Die Europäische Zentralbank (EZB) hatte den Einlagenzins, den die EZB Banken zahlt, wenn sie Geld bei ihr parken, Mitte April auf 2,25 Prozent gesenkt.
Risikovorsorge und Zinsüberschuss belasten Ergebnis
Trotz des hohen Einlagenzuflusses musste die ING Deutschland im ersten Quartal einen deutlichen Gewinnrückgang hinnehmen. Der Vorsteuergewinn brach von Januar bis März im Vorjahresvergleich um 26 Prozent auf 364 Millionen Euro ein.
Ein Grund war eine um 50 Millionen Euro höhere Risikovorsorge für ausfallgefährdete Kredite. Zudem sank das Zinsergebnis im Vergleich zum Vorjahresquartal um acht Prozent auf 743 Millionen Euro. Dies konnte auch der Provisionsüberschuss nicht ausgleichen, der um fast 36 Prozent auf 163 Millionen Euro gestiegen war.
Hauptgewinntreiber war das Geschäft mit Privatkunden. Die Sparte verzeichnete einen Vorsteuergewinn von 342 Millionen Euro – gut zehn Prozent unter dem Wert des Vorjahresquartals.
Der Gewinn der Firmenkundensparte ist regelrecht weggebrochen. So machte die Bank im Geschäft mit Unternehmenskunden einen Vorsteuergewinn von 22 Millionen Euro, was einem Rückgang von 81 Prozent entspricht.
Mutterkonzern kündigt neues Aktienrückkaufprogramm an
Erst Ende März hatte die ING Deutschland ein lang gehegtes Ziel erreicht: Das Geldinstitut zählte erstmals mehr als zehn Millionen Kunden.

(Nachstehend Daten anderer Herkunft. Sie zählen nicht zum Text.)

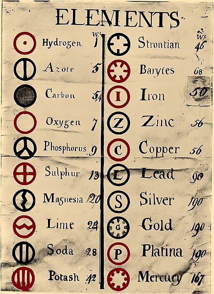 Figura 13: Tabla de elementos de Dalton publicada en A New System of Chemical Philosphy.
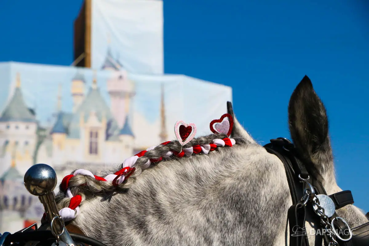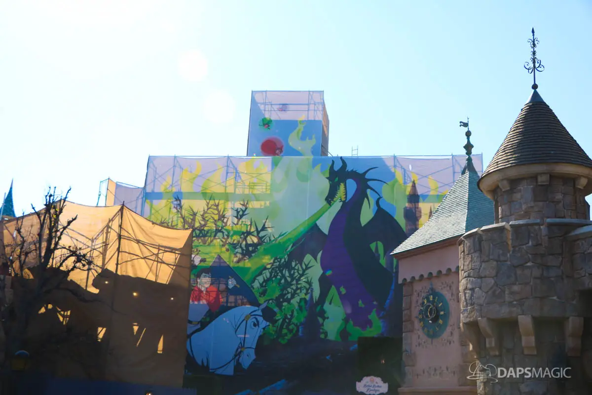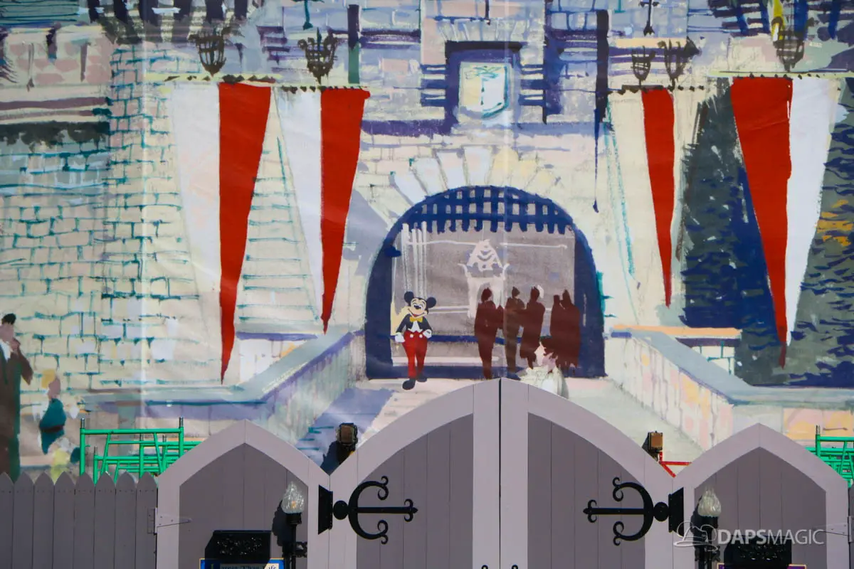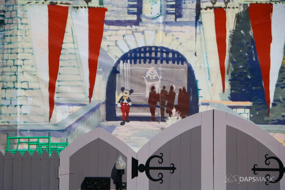 The front of the castle is an artistic rendering or Sleeping Beauty Castle. It is a replication of concept art made for the castle in the 50s by Herb Ryman. Around the walkway on the side of the castle is a scene in the woods from Sleeping Beauty. The back has a massive Maleficent dragon being ought by Prince Phillip. Look closely and there are some very fun details to be found. The three fairies and also Mickey Mouse can be found in the artwork on these scrims!

Auch der niederländische Mutterkonzern ist mit einem Gewinnrückgang ins neue Jahr gestartet, hat allerdings die Erwartungen der Analysten übertroffen. Der Nettogewinn sank um fast acht Prozent auf 1,46 Milliarden Euro, wie das Geldhaus in Amsterdam mitteilte. Analysten hatten hingegen nur 1,40 Milliarden Euro erwartet.
Zudem kündigte die Bank ein neues Aktienrückkaufprogramm in Höhe von zwei Milliarden Euro an. An der Börse kam das gut an, die Aktie legte um bis zu gut sieben Prozent zu.
Erstpublikation: 02.05.2025, 11:47 Uhr.